On the other hand, if your (unstated so far) requirements would exclude such matches, than it might be fairly simple to change. Of course, there's another problem: What about short sequences and longer sequences (somewhere else in the same file) that match to the same sequence the the other file? (Of course the shorter sequence would only match to part of the sequence to which the longer sequence matched.)
Have you tried the code on your large files? I'm afraid that the execution time may increase geometrically with files size, and it took several second to compare the two chapters from Anvil's book, so 50,000 record files might take several minutes - or longer - to finish.
In fact I don't really care about sub-sequences, only the maximal length matching sequence matters.

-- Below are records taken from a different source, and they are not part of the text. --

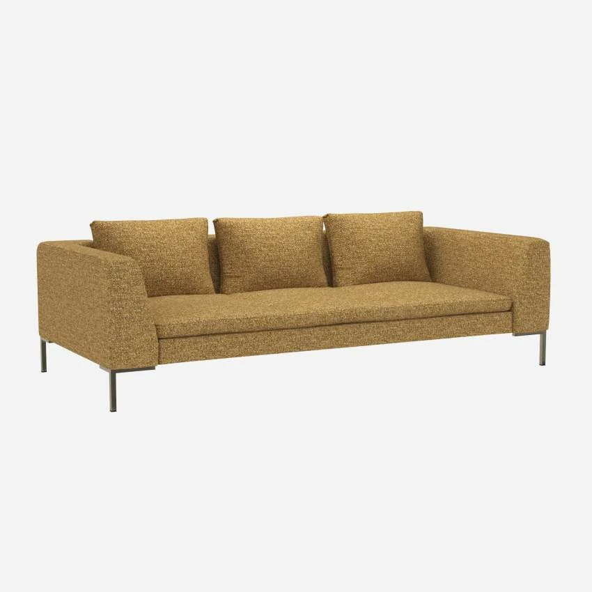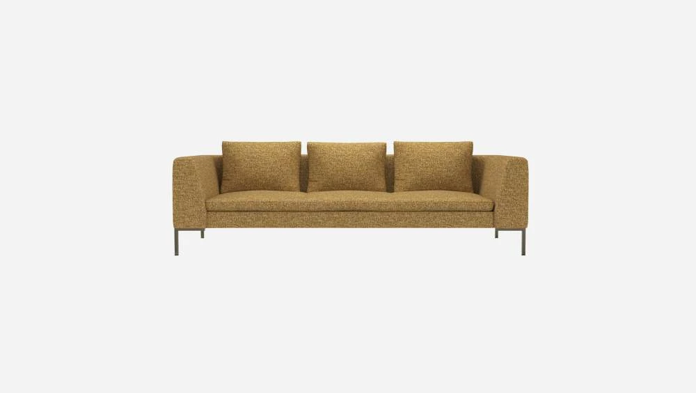 Le canapé 3 places Montino en tissu Venezia jaune épice invite à la détente avec son assise moelleuse et ses accoudoirs hauts. Classiques et élégantes, ses lignes élancées et son design intemporel en feront la pièce maîtresse de votre salon.
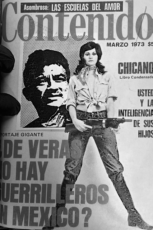 Este conjunto de representaciones fílmicas vino a alimentar una cultura visual en la que la insurgencia guerrillera y la violencia de Estado no sólo no estaban invisibilizadas, sino que eran parte del consumo cotidiano. Sin embargo, como ocurrió con la cinta de Alatriste, muchas de las producciones que visibilizaban la violencia política que se vivía en el campo mexicano se insertaban en lógicas del consumo frenético en las que la politicidad de las imágenes se combinaba con los temas de moda representados regularmente mediante la estética pop que dominaba ya los medios masivos en la década de los setenta. Estas imágenes, que no reproducían el discurso oficial de criminalización de los medios oficialistas, elaboraron representaciones románticas o cómicas, heroicas o denigrantes, con las que los consumidores urbanos configuraron una seguramente caricaturesca imagen de lo que ocurría en las montañas de Guerrero. Entre 1972 y 1974, es decir, durante los años más intensos de la acción guerrillera en el estado de Guerrero, revistas como Sucesos para Todos o Contenido ofrecieron a sus lectores números especiales sobre este tema ilustrados con diseños vanguardistas o incluso con fotografías de atractivas guerrilleras adoradoras de los famosos líderes guerrerenses (véase la imagen 11).
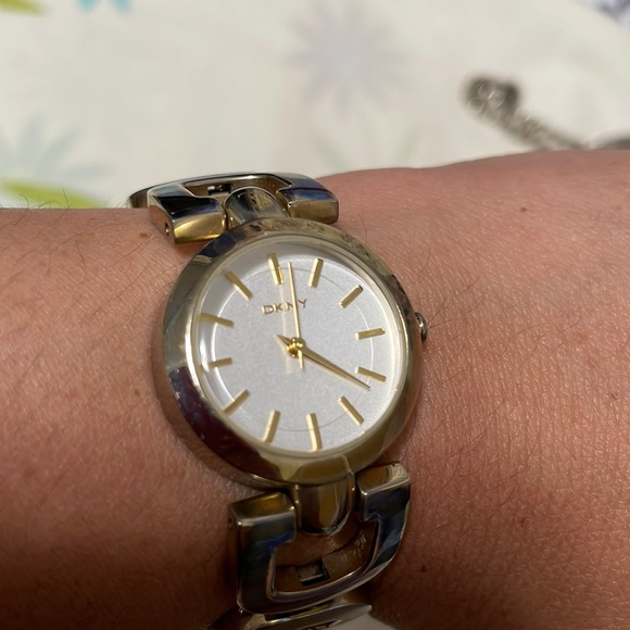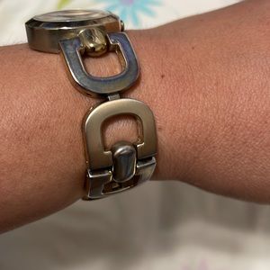 needs battery As Is 2 toned , some faded color on bracelet No extra links, fits small wrist
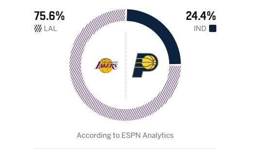 明天打联盟垫底球队步行者,湖人最新胜率已公布,居然不是碾压,差的太多了! 明天湖人要客场挑战步行者,这也是湖人6连客的最后一场,也是湖人最轻松的一场比赛。 因为步行者现在已经是联盟垫底球队,胜负对他们而言无关紧要,现在他们的战绩是15胜56负,比西部的过往还要差,所以这场比赛肯定是湖人势必要拿下的比赛。要不然后面的掘金真的要反超他们了。 而最新ESPN给出的最新胜率中,湖人赢球的概率是75.6%,步行者赢球的概率是24.4%。 居然不是碾压式的,湖人赢球的概率还是给的太低了,截止目前为止,湖人还没有给出最新的伤病名单,只知道上场没打的八村还有斯玛特都是小概率出战,至于三巨头老詹肯定上,东子和里弗斯休不休那就不知道了。
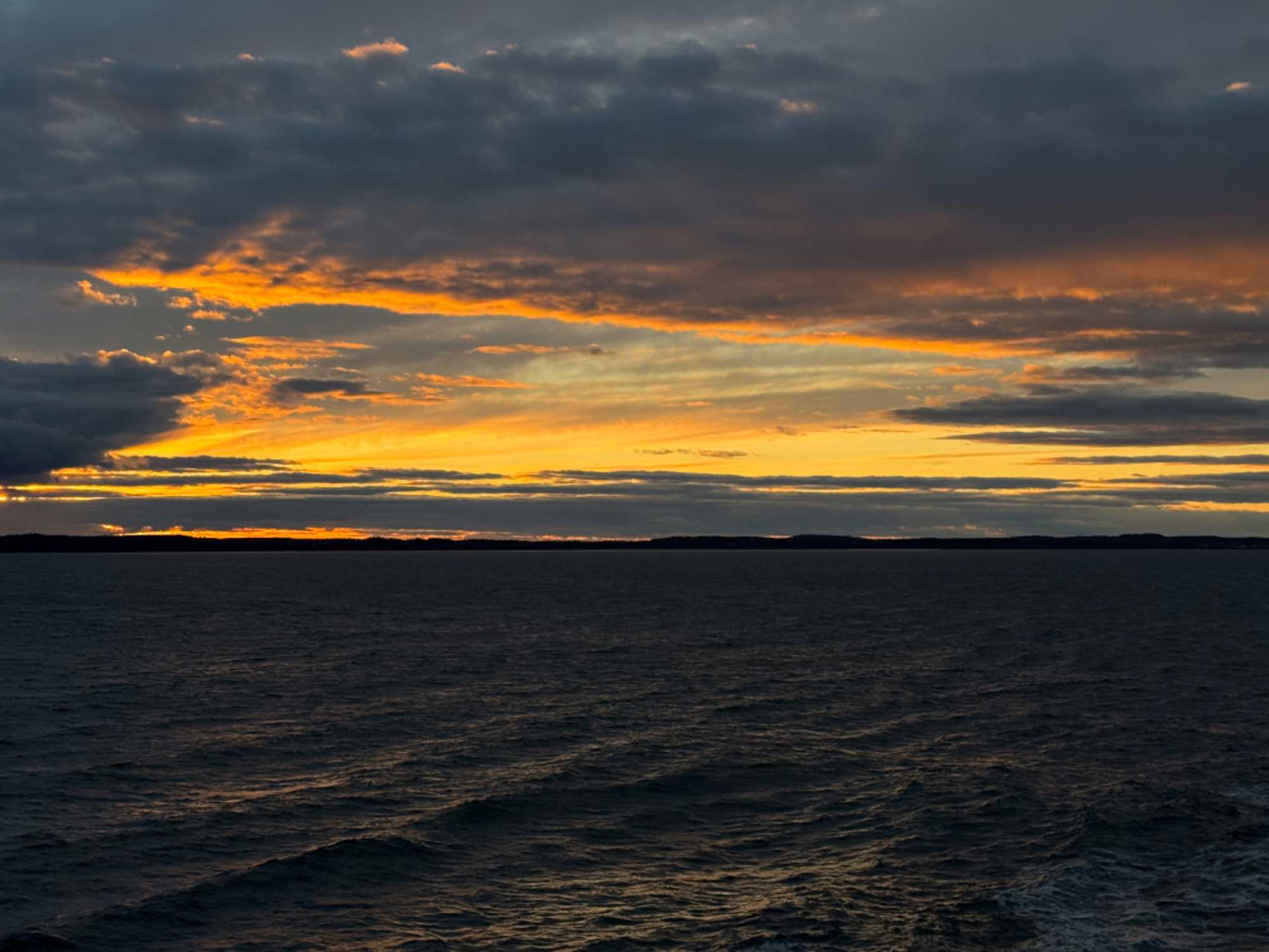Lek en a profité pour prendre plusieurs photos de notre journée à bord et de la navigation ce soir. Ce matin, nous avions tout prêt de nous les filets pour la pêche au saumon car la région est bien connue pour ses élevages de saumon de l’Atlantique.

I tried your latest code on a 400,000 records file and a 300 records subset file and it took about an hour to complete on my macbook pro. I stated kmin=200 and got 7500 matching sequences (instead of only 1 maximal length matching sequence).
OK, but can you define what you mean by "match" and "maximal length?"
For example, "a b c d" matches "a b c e" as "a b c," but matches the first and second "a b c" in "a b c e d a b e a b c." So what should be reported as a match in the second case?
And consider "a b c d" against "a b c e x b c d y a b." Is "a b c" or "b d e" to be reported as the "maximal length" match?
A definition should be something like this:
Quote:
Let X be an ordered set of n elements (x[1], x[2], ... , x[n]) and Y another ordered set of m elements, (y[1], y[2], ..., y[m]) from some domain D.
Let S = {{(i,j)} | (x[i], x[i+1],..., x[j]) for i = 1, 2, ..., n-1 and j=i+1, i+2, ..., n}
and T = {{(r,t)} | (y[r], y[r+1],..., y[m]) for l = 1, 2, ..., m-1 and t=r+1, r+2, ..., m}
Denote by S(i,j) and T(r,t) specific elements of the S and T sets.
Then S(i,j) "matches" T(r,t) when j - i = t - r and x[i]=y[r], x[i+1]=y[r+1], ..., x[j] = y[t] and
there does not exist any element, S(u,v) of S such that S(i,j) is a subset of S(u,v) and . . .
The problem I have is finding out what, precisely, you want to use to fill in the ellipsis at the end of that sample definition.
OK, let's say in case of equal length matches such as "a b c" in your first example and "a b c" & "b c d" in your second example, then all of these matching sequences should be reported, given that there is no longer matching sequences.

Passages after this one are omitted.